Growing up, Khan became more and more aware of the power of protest and civil disobedience.
“It’s important for people to show the system — the people who are in power, the government, the people in power — that they’re not the people they’re serving, and that they seem to forget that. It’s important to get bodies out there,” Khan said.
Upon watching the video of Floyd’s death, Khan knew there would have been protests, and that he would have joined them.
“It was the right thing to do,” he said.
The same day he was struck, Khan said he endured what he described as other abusive tactics that are now the focus of the state’s probe.
Earlier Saturday, Khan was marching with hundreds other demonstrators in the Brooklyn neighborhood of Crown Heights, when a police helicopter descended so close to the crowd that it felt it was going to crash.
“We were marching very, very peacefully and a helicopter comes down and flies at about 20 feet above the ground, above the people, to spray dirt and disperse the crowd. That was terrifying. It almost looked like it had lost control,” he said.
Khan called it a “fear tactic” that had no real purpose other than frightening people.
“I don’t know what the outcome of that was supposed to be,” he said. “It only gets people more upset, it further proves the point of the protest. It’s like fuel into the fire.”
That confrontation set the tone for the rest of the day, Khan said.
Police officers on the street warned the crowd at different moments that their assembly was “unlawful” and that they would be arrested if they failed to disperse. Dozens of people were arrested as the march proceeded towards Barclays Center.
“No intention of looting. No intention of smashing people’s homes, and still the police were pepper spraying people and hitting them with batons,” Khan said. One of his friends was hit so severely that he had to go to the hospital for possible nerve damage.
Later that evening, Khan and his friends walked across the Manhattan Bridge as part of a large crowd. They were met with batons. A police officer hit Khan twice in the stomach.

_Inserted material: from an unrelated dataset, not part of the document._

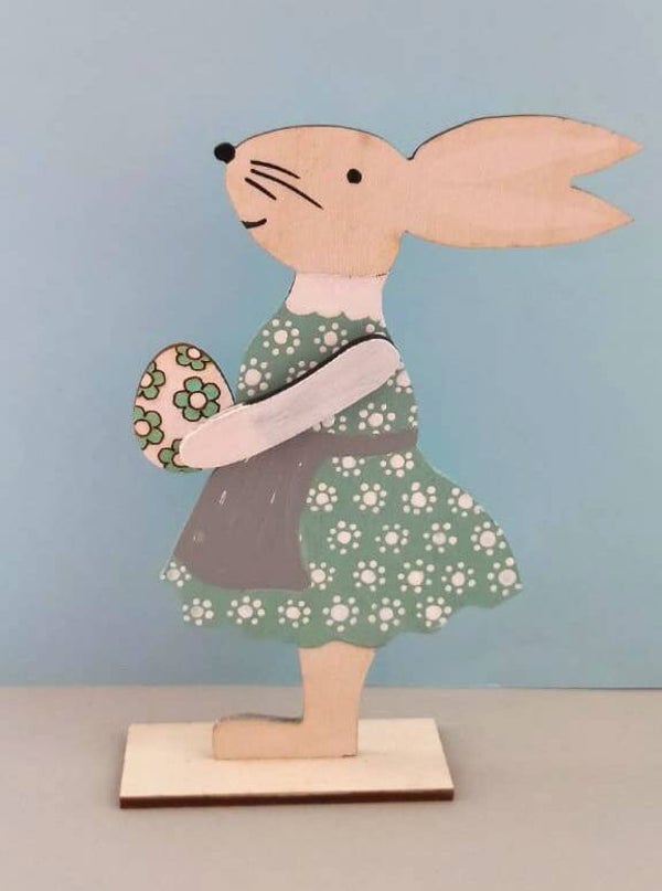 Bringen Sie Osterstimmung in Ihr Zuhause mit dieser liebevoll gestalteten Holzfigur! Der niedliche Hase ist detailreich bemalt und trägt ein grünes Kleid mit Blumenmuster. In seinen Armen hält er ein hübsch verziertes Osterei.
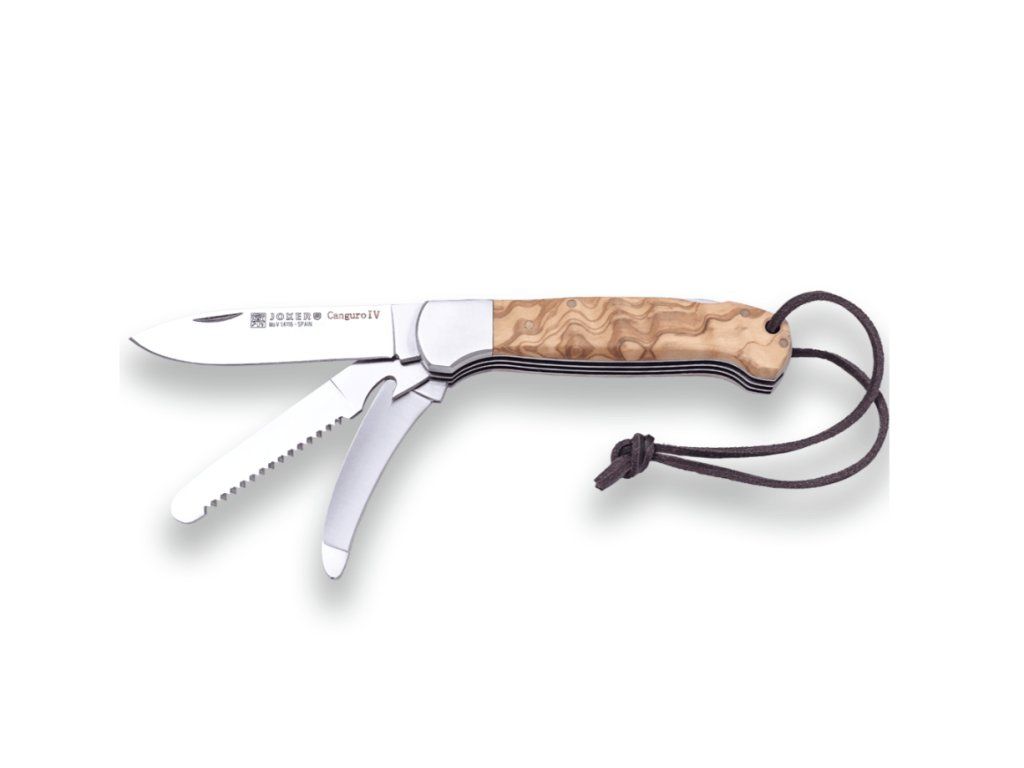JOKER NO128 Canguro 4 USOS multifunkčný lovecký nôž 8,5 cm, olivové drevo, šnúrka

“He screamed to my face, ‘Fuck you! Fuck you! Get the fuck out!’” Khan recalled.
By the end of the day, the police had started to lose control. Violence and looting began. Fast-moving groups of people shattered storefronts and set police vehicles on fire. Police started slamming protesters on the ground and arresting dozens, even those who were there peacefully.
“It felt as though the police were scared of us,” Khan said. “Before we would even do anything, they knew that we were wrong.”